20 spoke front and rear
Available june
1185g
Tubular only
2300 euro
Rear can be trued by anyone.
Spokes aren't replaceable
freehub compatibility is same as all other mavics
2 year warranty + ssc + mp3
40mm rim depth


----------



## spookyload (Jan 30, 2004)

Interesting. For the price and weight, you can just about buy a set of Lightweight standards, but not get the awesome warranty that Carbonsports provides. The Lightweights are a little more in price, but once you go above $3000, what is a few dollars more? I would also take a set of Boras before I bought these wheels.


----------



## rocco (Apr 30, 2005)

spookyload said:


> Interesting. For the price and weight, you can just about buy a set of Lightweight standards, but not get the awesome warranty that Carbonsports provides. The Lightweights are a little more in price, but once you go above $3000, what is a few dollars more? I would also take a set of Boras before I bought these wheels.


+1...


----------



## pkgdave9144 (Nov 21, 2006)

Mavic is a helluva smart company: Very durable, easy to maintain wheels with great dealer support networks. 

Thye give us what we seem to want! Cool decals, cool looks, cool name, wheel bags to prance around with, warranty, and matching skewers. Heck, they even give you brake pads (Swisstop) with the wheels so you can stop fast and quiet.

They may not be the lightest, stiffest, or fastest wheel, but folks will eat them up. Look at the Ksyriums for goodness sake. Not aero, not crazy light (considering the price) and certainly not laterally stiff. Folks eat them up because of the bling, bags, skewers and no-headache ownership experience.

Lightweight needs to get some new decals in a hurry or they are F-ed.


----------



## levels1069 (Jun 9, 2006)

i would buy them over LW's or Bora's for one reason: racing.

in races, people crash. Mavic's MP3 replaces any wheel damaged under their insurance program, all you pay is an annual fee. If i went down on LW's or Bora's, i'm screwed. Go down on the Mavics and they'll replace it for you. Granted alot of people who race these aren't going to pay for them out of pocket to begin with, but for amateurs, they are a solid choice.

(p.s- this is hypothetical, i will never be able to afford a pair haha)


----------



## ergott (Feb 26, 2006)

pkgdave9144 said:


> Lightweight needs to get some new decals in a hurry or they are F-ed.
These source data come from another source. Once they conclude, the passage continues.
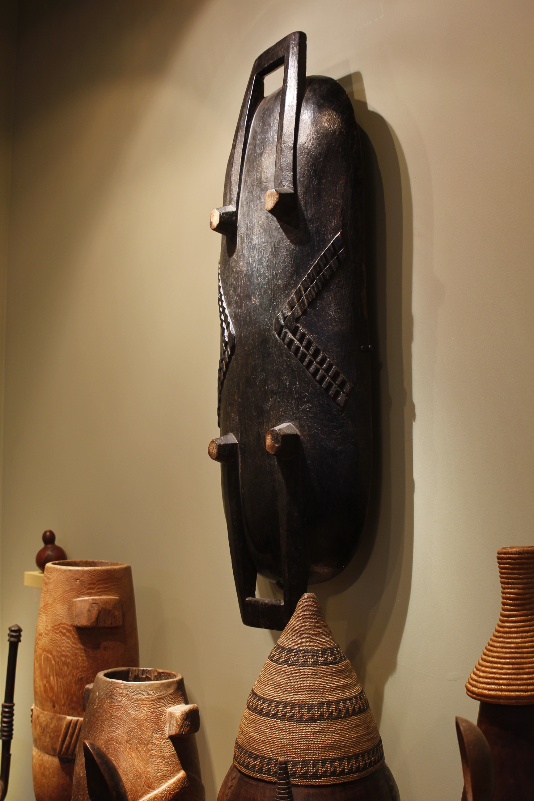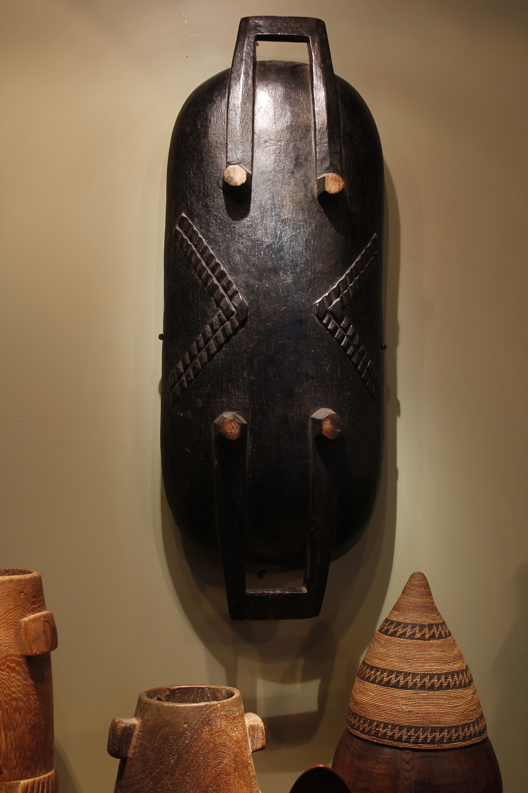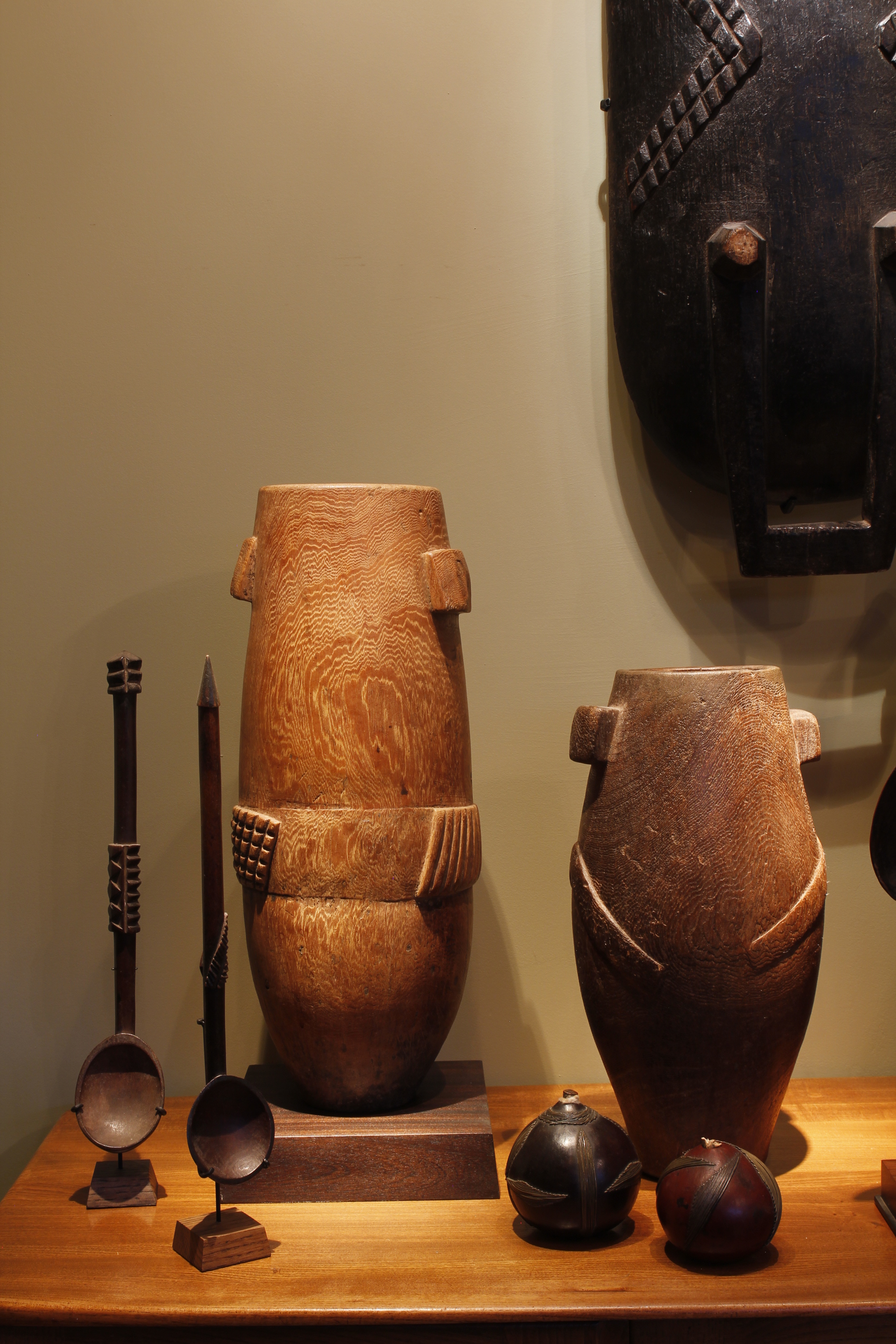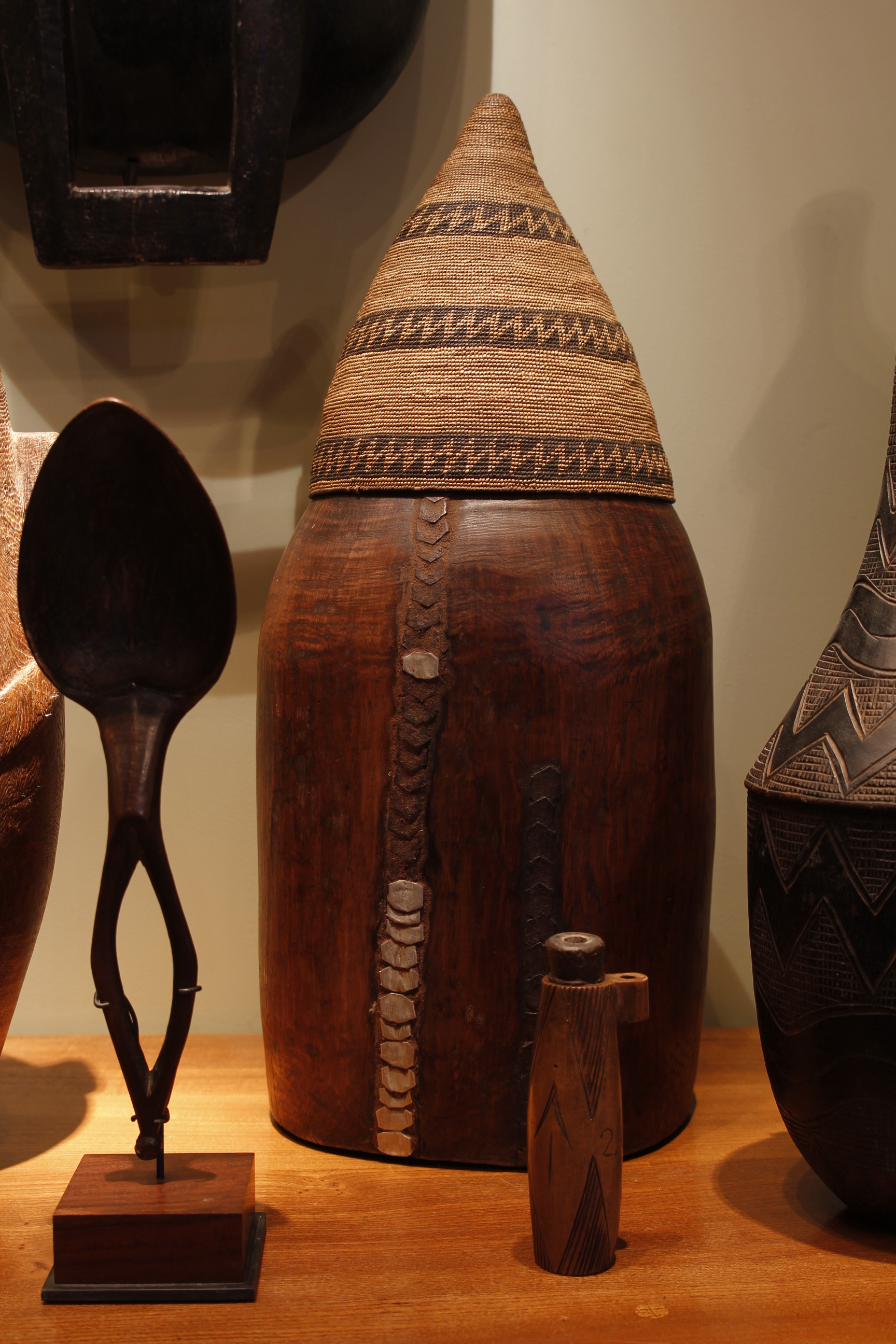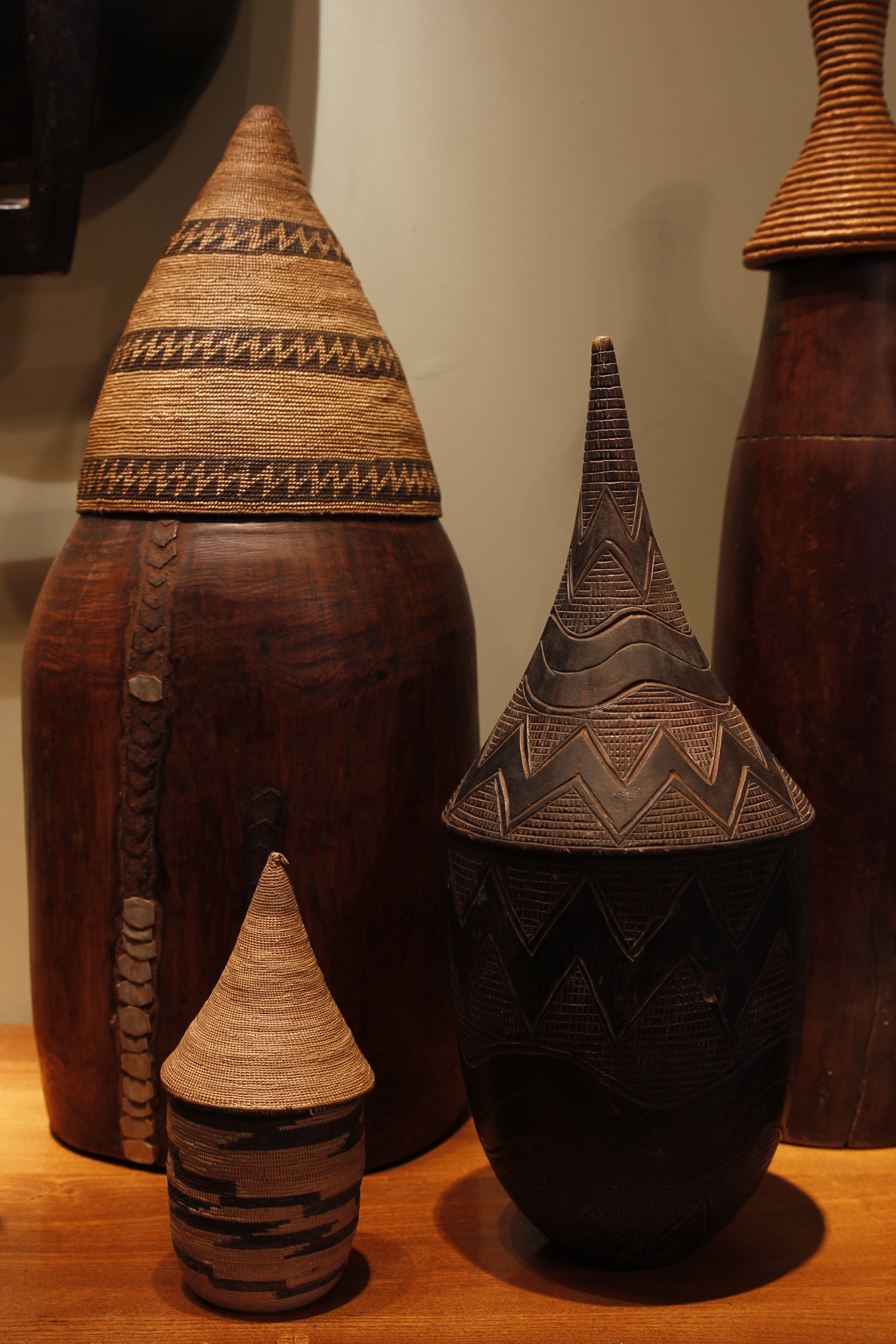 All these pieces can be found sold separately on the website, check under TRIBAL FORMS. Some pieces date to the 1920's - 1930's, in the case of the Tutsi baskets and the large container with zig zag woven fibre lid (Ex Pierre Dartevelle, Brussels). The other wooden containers and the wonderful large meat platter are Zulu and would date to around the 1950's. The beautifully formed spoons are Zulu, the one with the parted handle is a rare Punu spoon. These pieces each have a lovely worn patina and great form.
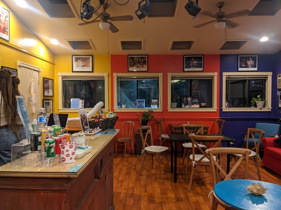 A side note to talk about how warm and cozy the theatre is. There’s an upstairs cafe that has a welcoming “San Francisco in the 90s” feel to it, a welcome reprieve to all the minimalist coffee shops in LA that feel like the Apple Store. And a balcony with bistro tables, string lights, and a view of the city.
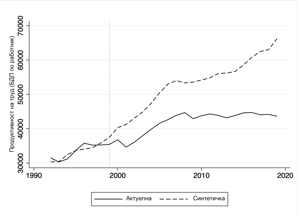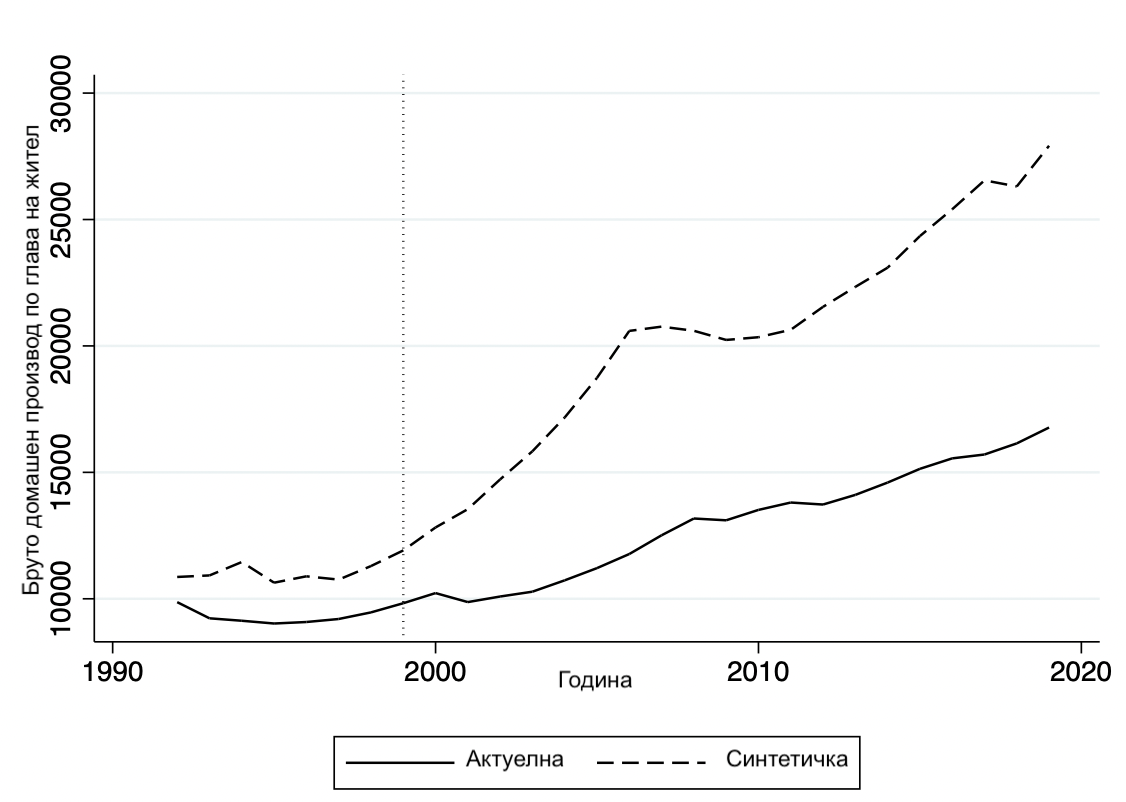 Сигналите кои ги најавува Европската Унија пред интеграцијата странските инвеститори неизбежно ги очекуваат како арбитражна прилика, а посочуваат дека економскиот раст поттикнат од интеграциските канали на една земја настапува пред официјалниот влез во ЕУ. Ова а битен факт бидејќи доколку во процесот на моделирање се одбере погрешна година во која настапува третманот (ефектите од ЕУ-интеграција), независните варијабли нема да определат соодветен фит за синтетичката држава. Со таа цел, одбрана е 2000 година како период во кој настапува третманот врз синтетичката држава. Независните варијабли кои мерат економски промени се исто така внимателно одбрани да не рефлектираат идиосинкратски шокови од интеграцискиот процес; притоа примероци се земени исклучително од држави чија економска големина наликува на македонската. Првиот графикон го претставува диспаритетот меѓу евидентираната/актуелната (actual [полна линија]) и синтетичката (испрекината линија) опсервација во однос на бруто-домашниот производ по глава на жител (Партитет на куповна моќ, константен 2017 $). Вертикалната испрекината линија го преставува периодот во кој третманот (ЕУ-интеграција) настапува врз синтетичката опсервација. Во опсервираниот период може се забележи прогресивно зголемување на растојанието меѓу синтетичката и актуелната опсервација, што потенцира дека придобивките прогресивно се зголемуваат со интеграциската длабочина. Имено, разликата во просечната годишна стапка на раст преку 20 години во однос на БДП по глава на жител меѓу евидентираната и синтетичка Македонија изнесува 7,09 %; во 2019 година, БДП по глава на македонски жител ќе достигнеше вредност повисока за 61,4 %.
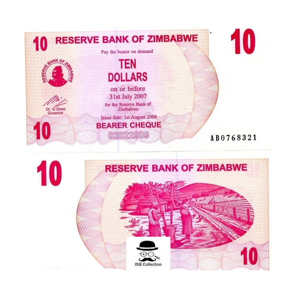 Billet de banque de zimbabwe valeur faciale 10 dollars bearer pick 39 -
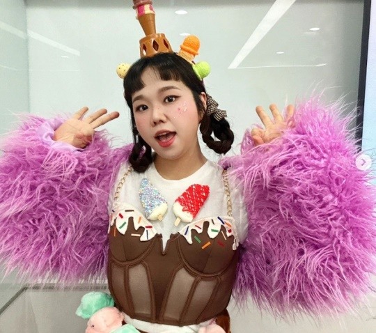 사진 속 홍현희의 아이스크림 모양 의상을 입고 화려한 비주얼을 자랑한다. 홍현희는 귀여운 매력을 보여준다.
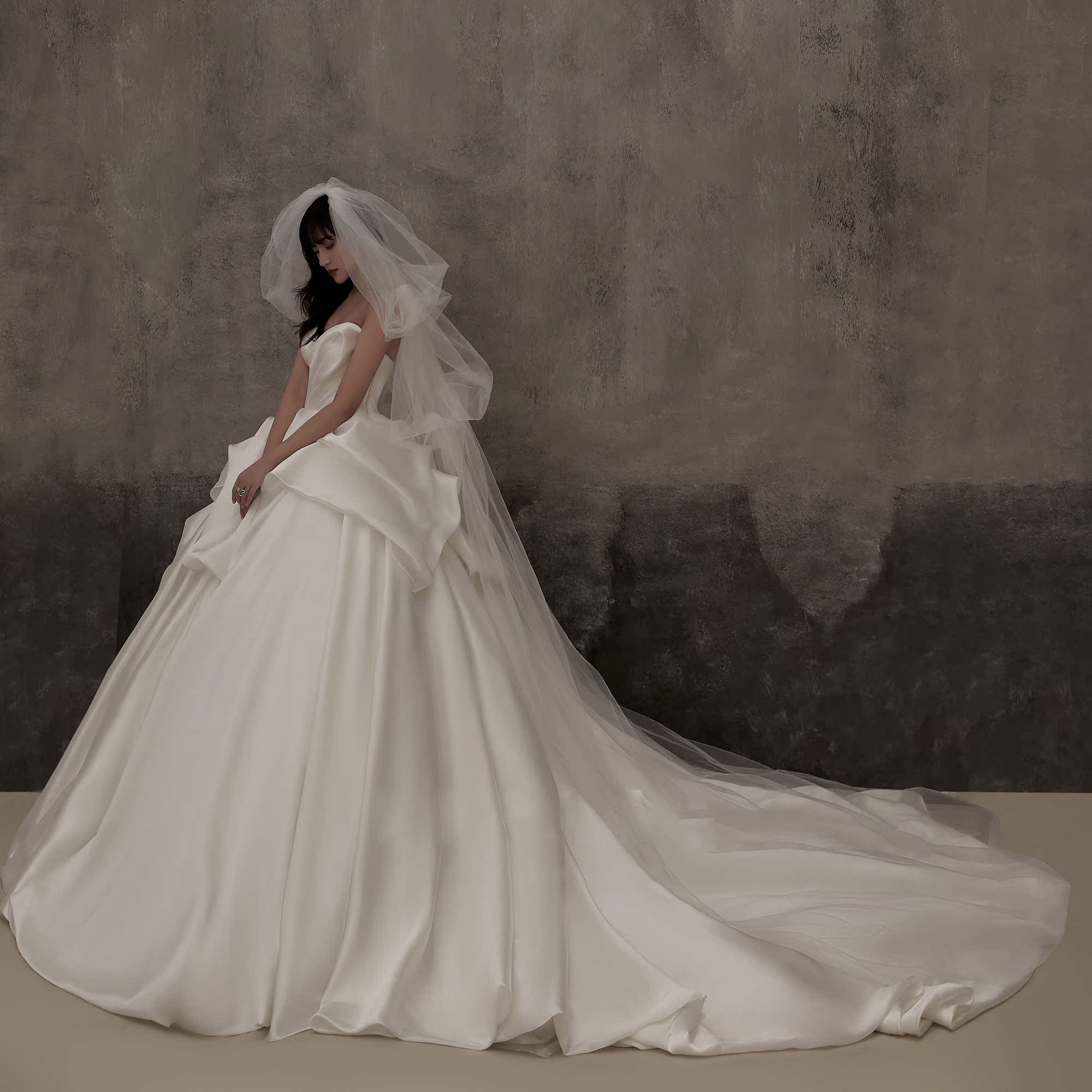 Satin wedding dress 2022 new bride French tube top fashion simple irregular court tutu skirt
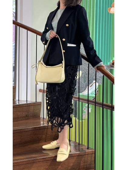 アシンメトリーフォルムが今シーズンらしいムードの肩掛けワンショルダーバッグ。 トップをプチフラップ&ファスナー仕様にしており、ディテールにさり気ないデザイン性をプラス。 口開きがファスナー仕様なので防犯面も安心です。長めのショルダーベルトも今シーズンらしいポイントです。

Most people buying LWs aren't concerned about "cool" decals. They would rather pay more for what will likely be a better (IMHO) product.

-Eric


----------



## Argentius (Aug 26, 2004)

Number 1: "all you pay is an annual fee!" Yeah, that's it. Just money for insurance. You can buy their overpriced wheels, then pay 'em more for them.

I'm sorta kidding, if you DO buy Mavics and race them, I think it might not be a bad idea, 
but they don't offer MP3 to those who don't pay full price, so it's sort of a pushme-pullyu, catch-22, or what have you.


----------



## spookyload (Jan 30, 2004)

The only spokes on the wheel you can true are the non drive side rear wheel spokes. The rest are not adjustable. With that being said, I would be suprised if they offer the MP3 replacement program with these wheels. The down side to MP3 is you ship it off and it comes back 6-8 weeks later.


----------



## z ken (Dec 30, 2006)

anything that made in France is consider a " loser ". no offense intended!!


----------



## ergott (Feb 26, 2006)

spookyload said:


> The only spokes on the wheel you can true are the non drive side rear wheel spokes. The rest are not adjustable. With that being said, I would be suprised if they offer the MP3 replacement program with these wheels. The down side to MP3 is you ship it off and it comes back 6-8 weeks later.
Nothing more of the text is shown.